Я сказал ему. что нужно немедленно доложиться Питерскому. Фима вынул из карманов бутылки (мы их спрятали) и пошел к начальнику. Подошел к нему, косолапя, протянул огромную лапищу:
— Здравствуйте! Я Эткинд.
Питерский ничуть не смутился и не стал требовать уставного приветствия.
— А, очень хорошо! — сказал он. — Вы умеете писать стихи?
— Умею.
— Сейчас у нас 16 часов, к 19 часам нам нужна поэма о том, как себя чувствует немец перед Рождеством.
Фима вернулся ошарашенный, но готовый к свершению подвига. Лоховица не было, он сел на его место, положил перед собой бумагу и с молниеносной скоростью начал писать четырехстопным хореем поэму о Михелс перед Рождеством (уже. впрочем, прошедшим):
Michel der Gеfrеitе
Stеhet vor dem Stab,
Seine Iinke Seite
Fror ihm gänzlich ab…
(«Ефрейтор Михель стоит перед штабом, его левый бок совершенно отнялся от мороза…»).
К семи часам поэма была готова, вполне пригодная для пропаганды среди войск противника.
После Нового года дело с войной пошло хуже. Наступление под Москвой задохлось. Некоторое время приходили редкие вести из Ленинграда, потом они совершенно прекратились. Весь февраль и март ничего не было. Все, что я знал о моем городе, шло из немецких сводок.
Теперь я перейду, наконец, к рассказу, что же мы делали в редакции «Фронтзольдата».
VI
Одной из моих обязанностей было прослушивание радио. Для иностранных сводок, вообще говоря, существовала специальная служба при командовании, но Питерский не входил в состав лиц, имевших по должности право на радиосводки, однако же считал, что он тоже должен их знать. Он достал хороший приемник, — и, конечно, не он (не знавший языков), а я ежедневно слушал немецкие, английские и, по возможности, американские передачи. У нас в СССР у всех под страхом обвинения в шпионаже и т. п. были отобраны вес приемники, в тылу и в армии; в тылу можно было слушать только так называемые «тарелки» (трансляционную сеть), а в армии известий не было никаких, кроме газетных. До передовой, впрочем, и газеты, даже дивизионные на четырех маленьких листах и посвященные главным образом местным подвигам, доходили далеко не всегда.

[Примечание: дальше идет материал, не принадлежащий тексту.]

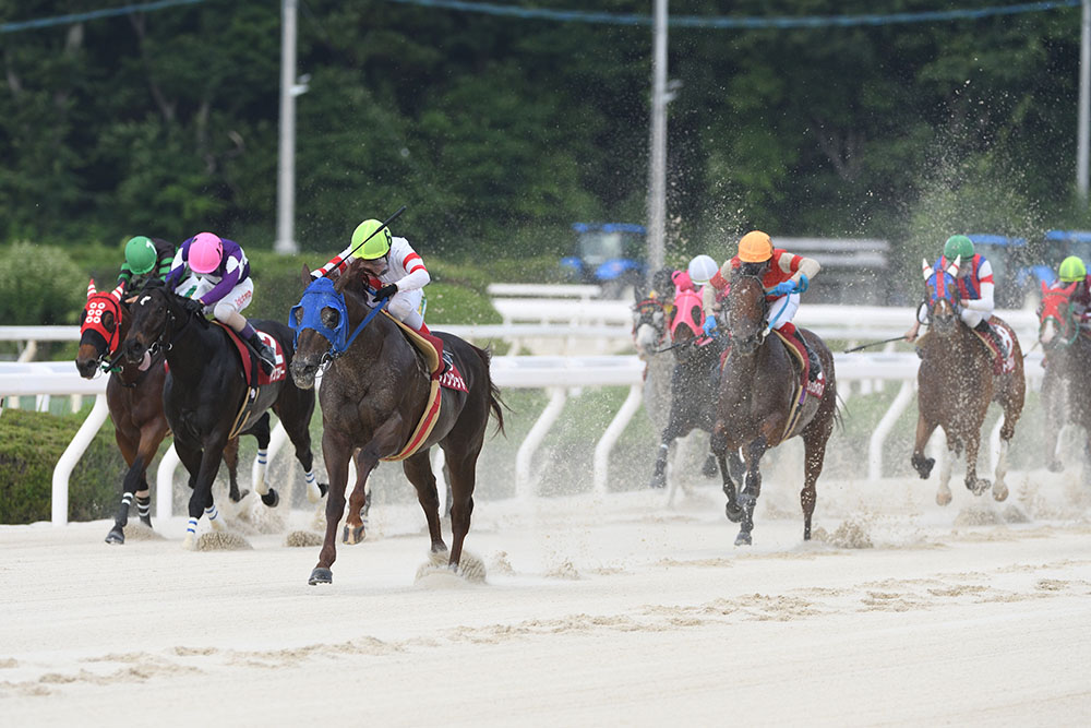 好スタートから先手を取ったのは、この舞台で4連勝中のイズジョードリーム。最終的に1番人気に推されたダノングッドがその直後に控えたが、砂を嫌がって後退し、3コーナーでは先頭から約5馬身も離れてしまった。それを尻目に2番手外から先頭に立ったのはブレイクフリー。しかし、ダノングッドが直線に入って外に出されるとグイグイと伸び、5馬身差で連覇を決めた。2着は道中同じ位置にいたダノンジャスティスで別府厩舎のワンツーフィニッシュ。ブレイクフリーは3着で、地元馬で最も支持を集めたメイプルグレイトはスタートで滑るような形で出遅れ、7着だった。
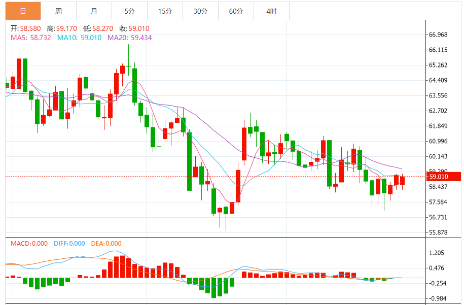 周五盘中,WTI原油报59.000,涨幅0.73%。 今日分析:在58.60之上,看涨,目标价位为59.50,然后为59.80。 技术点评:即使我们不能排除持续调整的可能性,其时间长度上,应该是有限的。 支撑位:58.6058.2557.90 阻力位:60.1059.8059.50 (亚汇网编辑:冰凡)
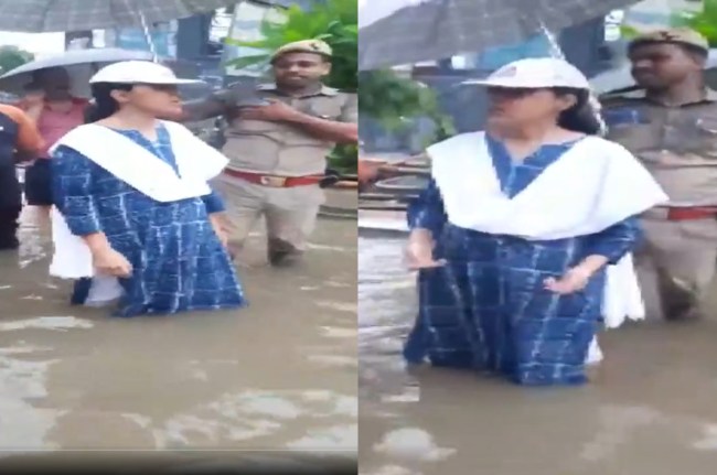 Viral Video: उत्तर प्रदेश (Uttar Pradesh) की राजधानी लखनऊ (Lucknow) में बारिश (Heavy Rain) अपना रौद्र रूप दिखा रही है। गुरुवार सुबह से कभी तेज तो कभी धीरे-धीरे बारिश का दौर जारी है। वहीं शुक्रवार को लखनऊ के कैंट इलाके में एक दीवार भी गिर गई। इसमें नौ लोगों की दर्दनाक मौत हो गई। शुक्रवार को ही लखनऊ की कमिश्नर (Lucknow commissioner) ने प्रभावित इलाकों का जायजा लिया। वह घुटनों तक पानी में उतरीं। बारिश के बाद इलाकों की हालात देखकर उनके होश उड़ गए। उन्होंने तत्काल आदेश जारी किए। कमिश्नर का यह वीडियो (Video) सोशल मीडिया (Social Media) पर वायरल हो रहा है।
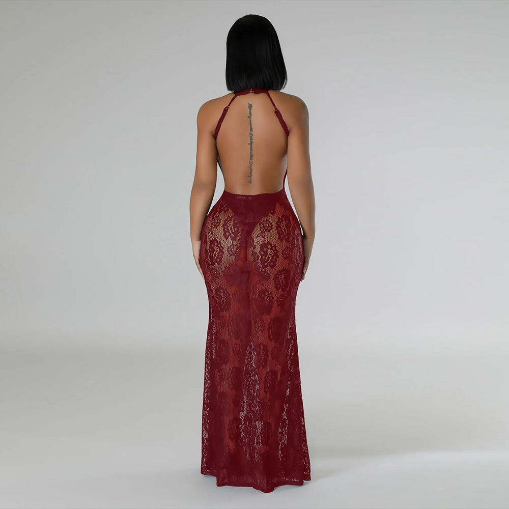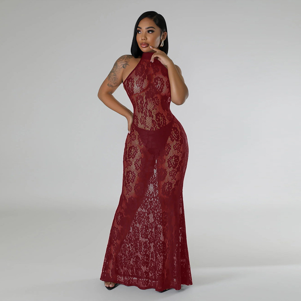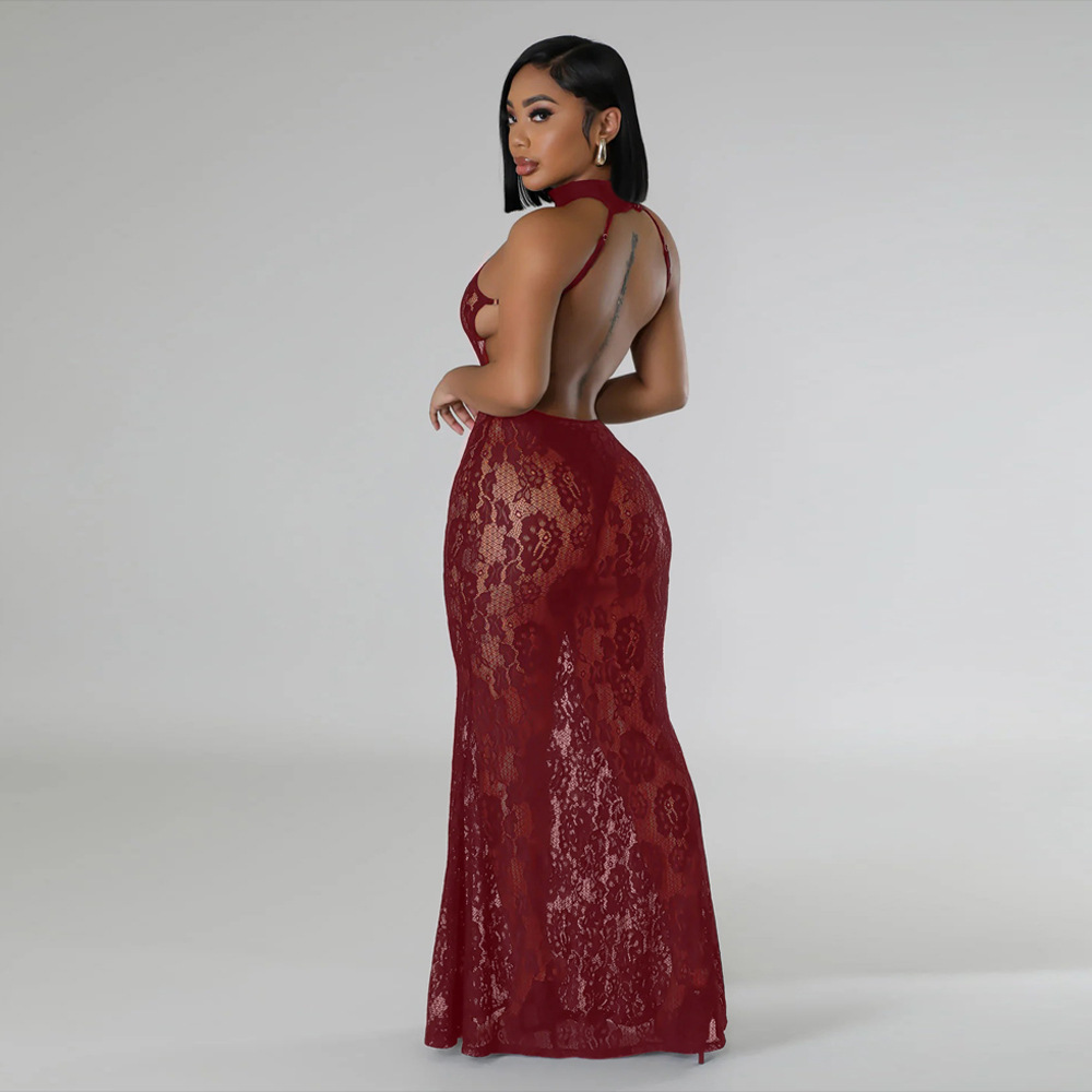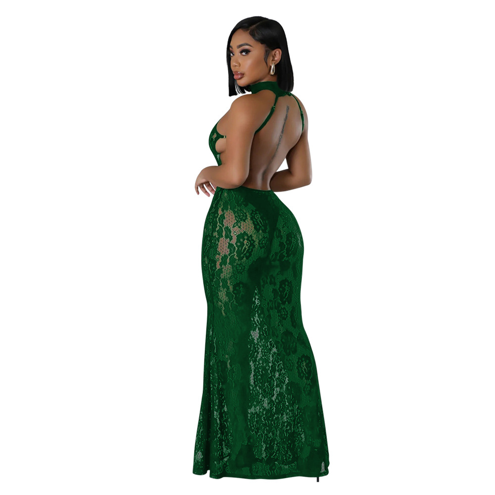 Nightclub fashion halter package hip slim lace sexy dress

Но речи Сталина всегда передавали не только в сеть, но и в эфир, и, кроме того, на прием передавался «Иван Краткий». Дело в том, что все районные (и дивизионные) газеты публиковали один и тот же материал общего содержания, в том числе сводки Совинформбюро и редкие правительственные сообщения особой важности. Свои местные новости (районные сводки об уборке урожая, перевыполнении планов, более или менее апокрифические подвиги на участке дивизии) могли добавляться только на последней странице. Все остальное одинаково воспроизводилось во всех газетах. Этот-то материал им диктовался по радио из Москвы, и принимал его «засекреченный» радист, имевший доступ к настоящему приемнику. Каждый раз, когда в этой передаче дело доходило до имен собственных и названий местностей, диктор говорил по буквам: «Иван-Василий-Анна-Николай» и т. д. Когда доходило до «и», произносилось «Иван краткий». Случилось так, что в первый же свой прием мы попали на «Ивана краткого» и были изумлены — что это такое? Потом эта передача так и называлась — «Иван Краткий».